Das Leben in einer Familie kann bisweilen eine philosophische Reise sein. Ein Kind in unserem Leben regt uns oft zum Nachdenken an. Zum Beispiel, wenn es gemächlich seine Schuhe auszieht, während wir bereits in vollem Ornat stehen und seinen Rucksack vor der offenen Haustür in der Hand halten. Doch was ist Zeit?
Die Vielschichtigkeit der Zeitwahrnehmung
Unsere Auffassung von Zeit ist eng mit unserer Lebensphase verknüpft.
Erwachsene sind oft dazu geneigt, während sie Aufgaben erledigen, schon an die nächste Aufgabe auf ihrer To-Do-Liste zu denken. Kinder hingegen leben im gegenwärtigen Moment. Die Uhrzeit ist für sie unbedeutend, sei es, dass sie fröhlich auf der Schaukel durch die Lüfte fliegen oder wütend vor dem verweigerten Schokoriegel im Bioladen schreien. Kinder leben im Hier und Jetzt, ganz gleich, ob etwas in zehn Minuten, heute Abend oder erst übermorgen geschehen soll – Zeit spielt für sie keine Rolle.

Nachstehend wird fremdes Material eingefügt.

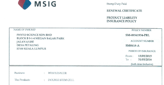 Miracle Healing With Plant Stemcells Msig Insurance Certificate

Die Entwicklung des Zeitverständnisses
Dennoch beginnen selbst die Kleinsten, ein Verständnis für Zeitabläufe zu entwickeln. Bereits sechs Monate alte Babys folgen einem inneren Zeitplan, wie Entwicklungspsychologen festgestellt haben. Sie schätzen Vertrautes und wiederkehrende Muster. Diese Präferenz beginnt sogar im Mutterleib, wenn das ungeborene Kind den Herzschlag der Mutter hört.
Später erkennen Babys vertraute Rituale wieder. Die Erwartungen der Kleinen sind offensichtlich. Sie strampeln vor Aufregung, winken mit den Händen und strahlen bis über beide Ohren. Diese Wiederholungen erleben sie als angenehmes und vertrautes Ritual.
Studien zeigen, dass schon Dreijährige Zeitabläufe planen können, insbesondere wenn sie mit positiven Emotionen verknüpft sind. Sie können beispielsweise verstehen, dass nach dem Durchstreichen von drei Tagen im Kalender ihr Geburtstag ansteht. Die Vorfreude spielt hierbei eine wichtige Rolle und unterstützt den Lernprozess.
Die Kunst des „Flow“
Ein weiterer spannender Aspekt ist der sogenannte „Flow“, jener begehrte Zustand, in dem wir vollkommen in unserer Tätigkeit aufgehen. Kinder sind natürliche Meister dieses Zustands. Sie beobachten geduldig und vergessen dabei die Welt um sich herum. Sie wiederholen Dinge, die ihnen Freude bereiten, immer und immer wieder. Ein sich lngsam wieder einbuddelnder Regenwurm kann für sie äußerst faszinierend sein. Sie bleiben im Jetzt und erleben ein wunderbares Gefühl von absoluter Präsenz.
Die Herausforderung des Erwachsenenzeitplans
Dieser Zustand wird jedoch unterbrochen, wenn Erwachsene mit ihren engen Zeitplänen und Forderungen auftreten. In solchen Momenten stehen Kinder vor der Herausforderung, zwischen ihrer Versunkenheit und den Anforderungen der Erwachsenen. Dies führt zu einer Kollision zwischen der kindlichen Entspanntheit und dem Zeitdruck der Erwachsenen.
Mehr Geduld für ein harmonisches Miteinander
Daher drängt sich die Frage auf, ob Erwachsene gelegentlich innehalten könnten. Manchmal geht es nur um ein paar Minuten, die ein Kind benötigt, um sein Tun zu beenden. Könnten wir Erwachsene nicht hin und wieder mehr Geduld aufbringen?
Natürlich ist es nicht immer möglich, sich vollkommen dem Tempo der Kinder anzupassen. Der Alltag erfordert eine gewisse Organisation, und die Zeit wartet nicht, beispielsweise wenn wir verreisen wollen. Dennoch sollten wir in Betracht ziehen, unsere Kinder öfter in ihrem eigenen Rhythmus zu lassen. Manchmal führt der sanfte Weg schneller ans Ziel als das ständige Hetzen.